Jye Edwards

Personal information
- Born: 6 March 1998 (age 27)

Sport
- Sport: Track and Field
- Event: 1500 metres

= Jye Edwards =

Australian athlete

Jye Edwards (born 6 March 1998) is an Australian middle-distance runner. Edwards competed at the Tokyo 2020 Olympic Games. He came seventh in his Men's 1500m heat with a time of 3:42.62 and was therefore eliminated.

== Early years ==
Edwards began competing in athletics when he was 6-years-old. He was encouraged to do so along with his three siblings at Albion Park Little Athletics Club, Shellharbour, New South Wales. He was a keen cricketer, but found that he was a very good runner and joined Bankstown Sports Athletics Club in Sydney.

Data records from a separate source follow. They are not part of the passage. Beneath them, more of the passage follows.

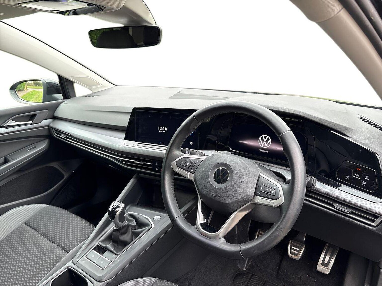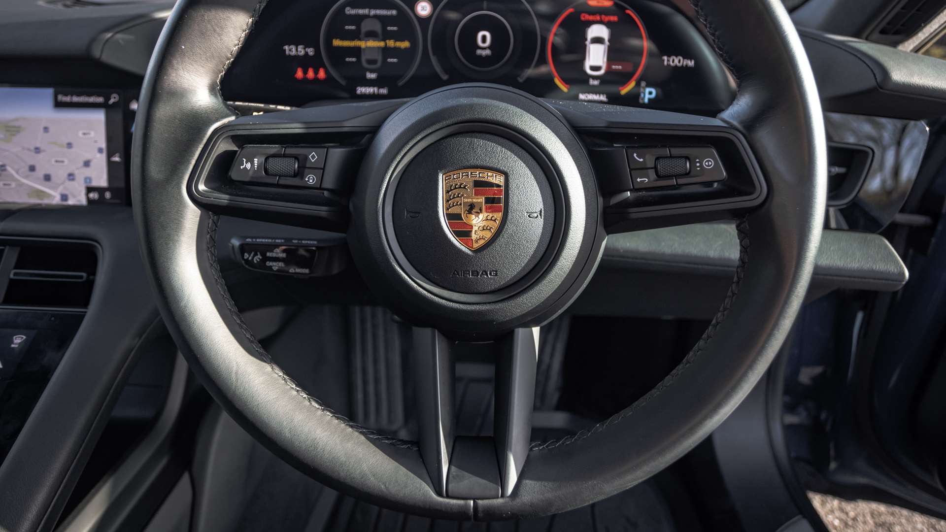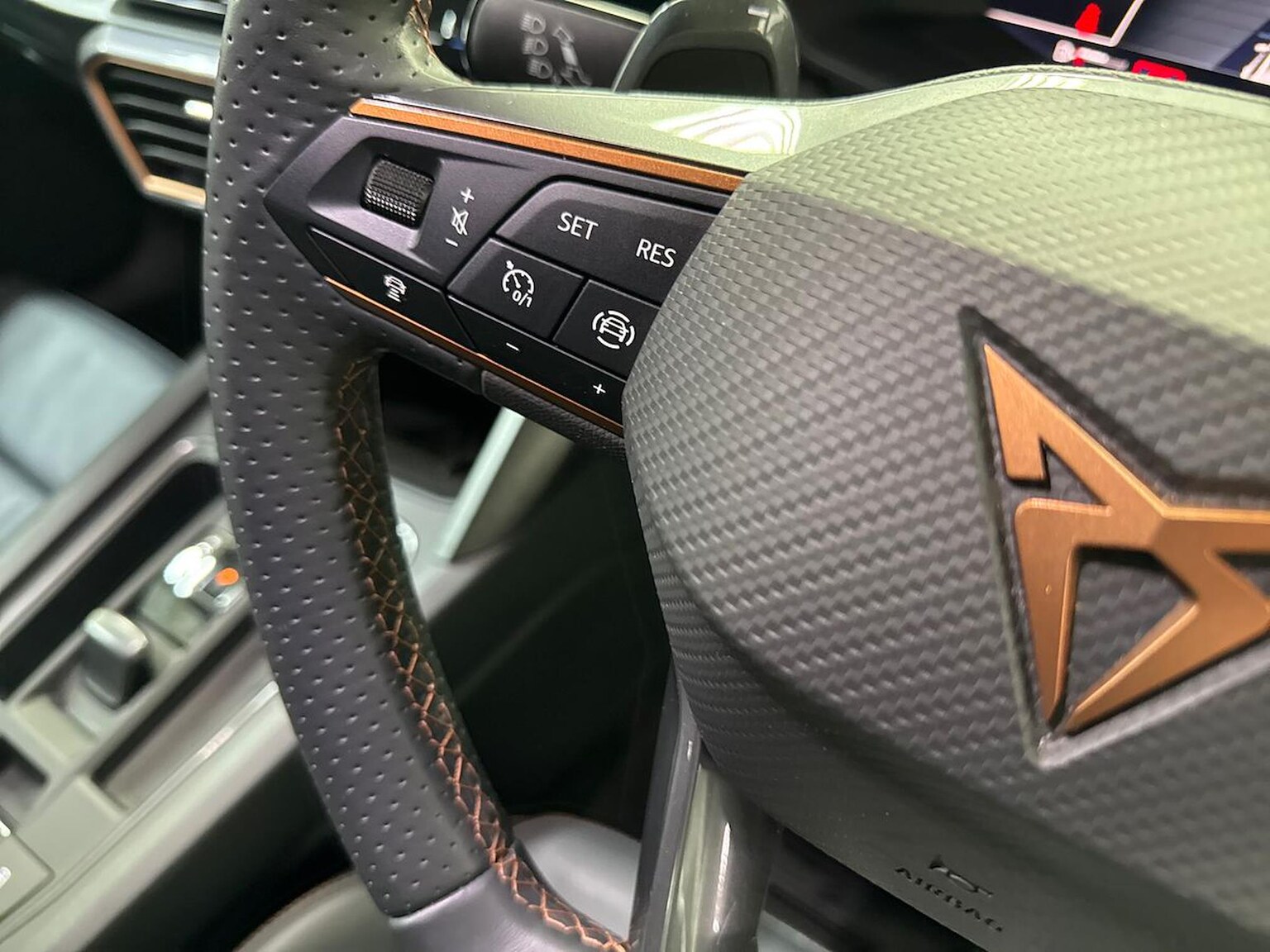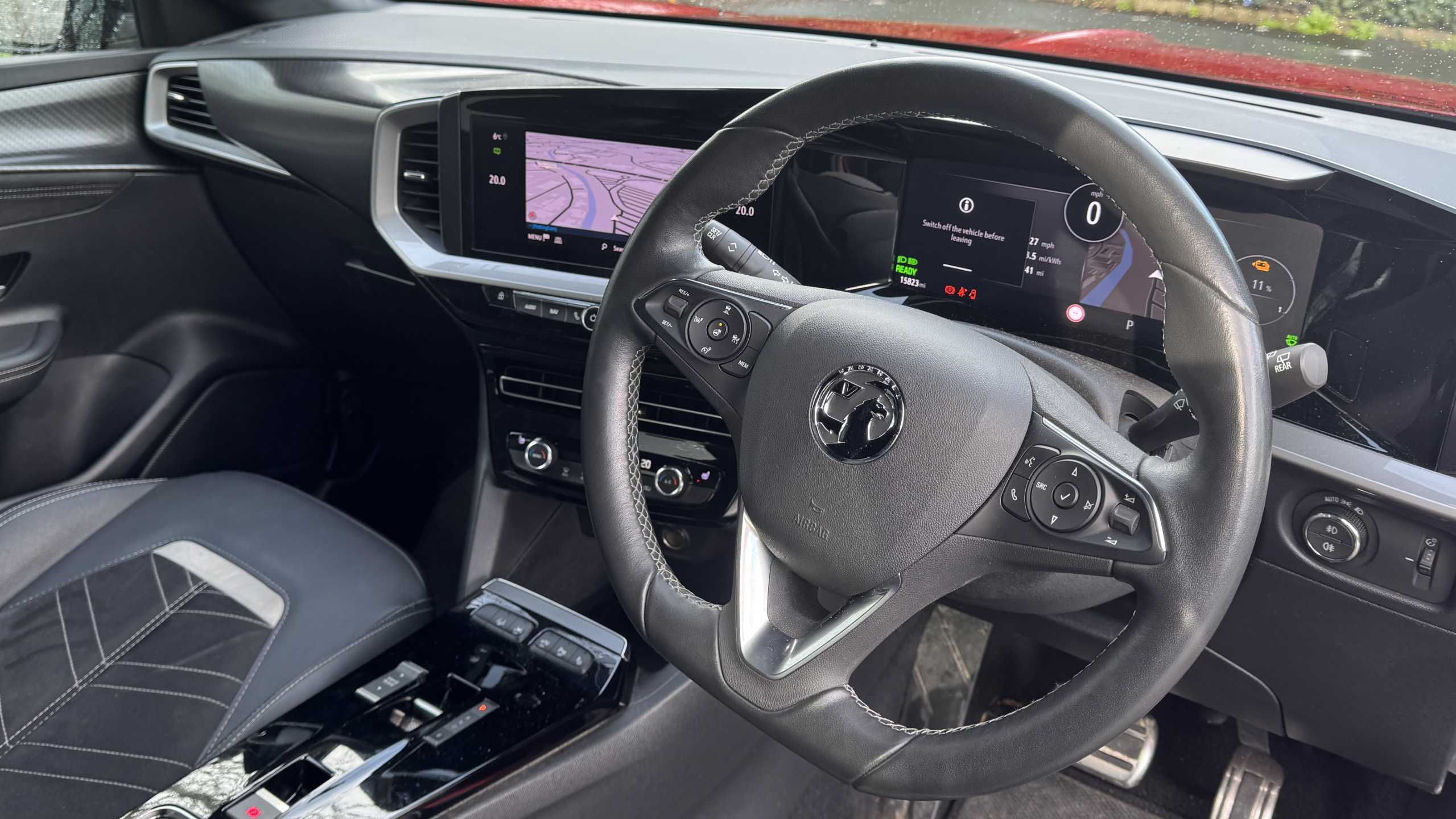 "3 spoke flat bottomed multifunction plus sports contour leather wrapped steering wheel with shift paddles",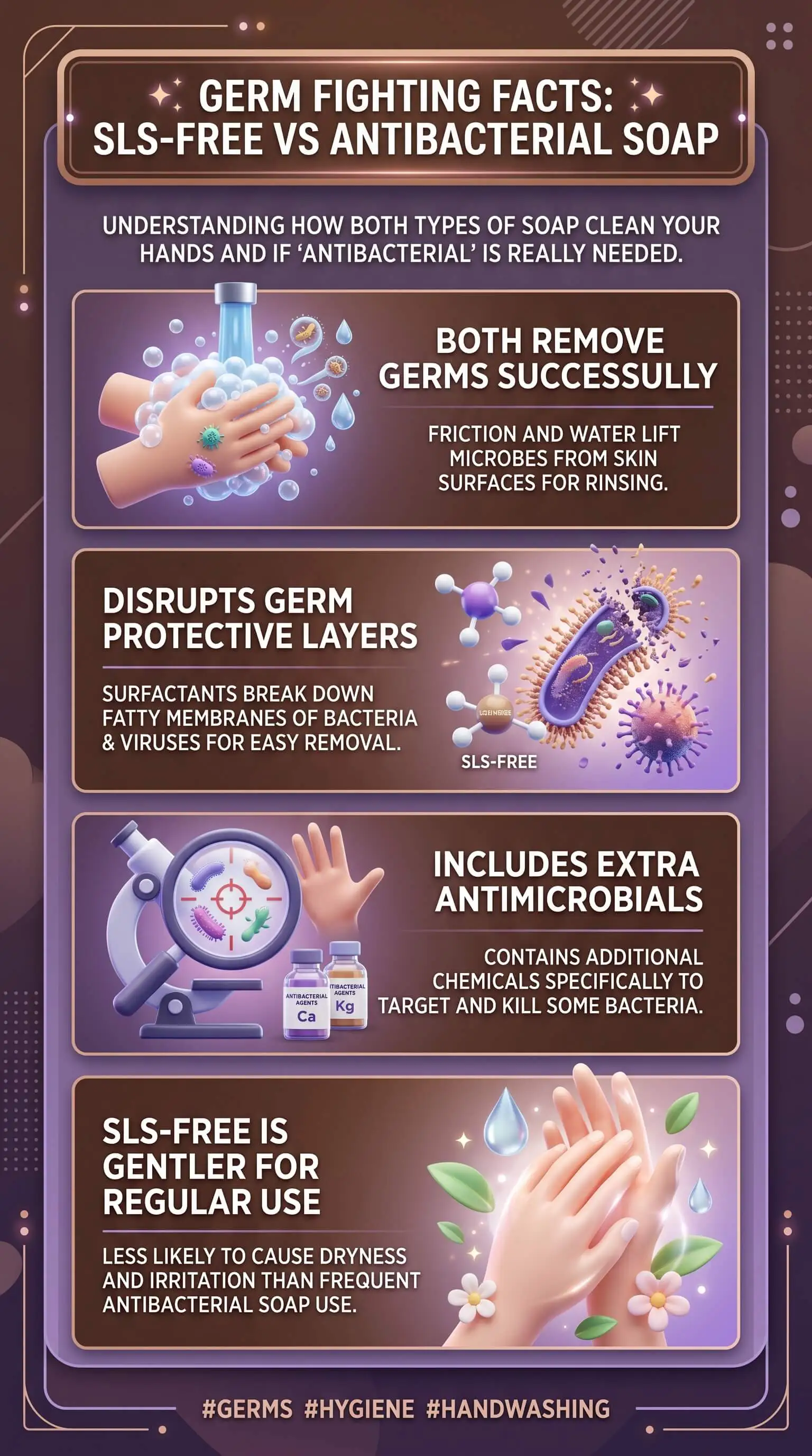 1. SLS free hand soap removes germs as effectively as antibacterial soap. The mechanism is mechanical lift plus twenty seconds of scrubbing, not a chemical kill step.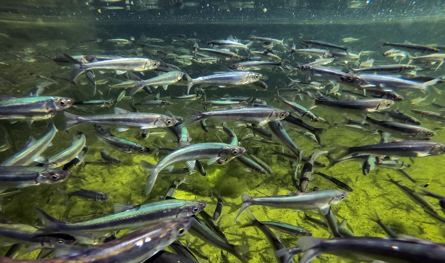 Photo taken on June 19, 2022 shows the Kanglang white minnow, or Anabarilius grahami at an aquatic product breeding base in Yiliang County, southwest China's Yunnan Province. (Xinhua/Jiang Wenyao)
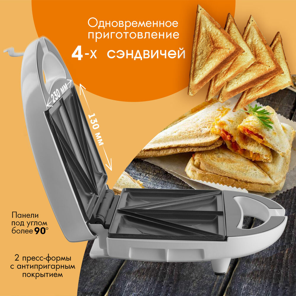 | Дополнительная информация | Одновременное приготовление 4 сэндвичей, Корпус их термостойкого биопластика, Эргономичная ненагревающаяся ручка, Автофиксация для облегчения закрывания, Вертикальное хранение |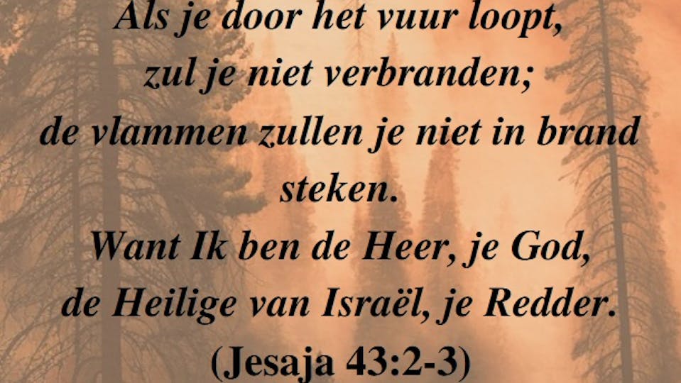 Onlangs hebben deze verzen een heel bijzondere betekenis gekregen. Op 30 april, de Israëlische dodenherdenking, en 1 mei, de Israëlische Onafhankelijkheidsdag, woedden er enorme bosbranden in de westelijke buitenwijken van Jeruzalem, waarbij 1000 hectare land werd verwoest. Er waren honderd brandweereenheden en meer dan twintig uur nodig om de brand onder controle te krijgen. De brand was hevig in het gebied rond Latrun (de locatie van de Levens Tuinen), waardoor onze tuinman Albert moest vluchten voordat het te laat was om te evacueren. In gebed werd ik eraan herinnerd, dat zelfs als de brand de bomen had verwoest die waren geplant ter nagedachtenis aan ongeboren baby's, het herstel van rouwende harten en de bevrijding van schuldgevoelens was volbracht en nooit verloren kon gaan. Het planten in de Tuinen heeft sinds de inwijding in 2010 duizenden mensen genezing gebracht. Er zijn meer dan tweeduizend bomen geplant ter ere van de ongeboren kinderen. Wonder boven wonder bleef de beboste tuin onaangetast door het vuur. We geven God alle eer voor het beschermen van deze herdenkingsplaats tegen de vlammen.

Edwards is a former student at Warilla High School, in New South Wales and is coached by Dick Telford.

== Achievements ==
In February 2017, he recorded the seventh-fastest 1500 metres time in Australian history at the NSW Juniors Sydney Invitational in a time of 3:41.69. Then a torn achilles, a knee issue and stress fracture to his right femur blunted Jye's career but in 2019 a second place at the New South Wales Cross Country Championships at Willandra in the open men's section displayed his return towards fitness.

Edwards ran a 7:56 3000 metres personal best in Sydney in November 2020 and then ran a 3:57 mile personal best a month later. On 18 April 2021, Edwards won gold in a time of 3:33.99 seconds at the Sydney Olympic Park to win the 1500 metres at the Australian National Athletics Championships and secure the Olympic qualifying standard for the delayed 2020 Summer Games in Tokyo. Running at the Olympics in Tokyo he finished seventh in his heat.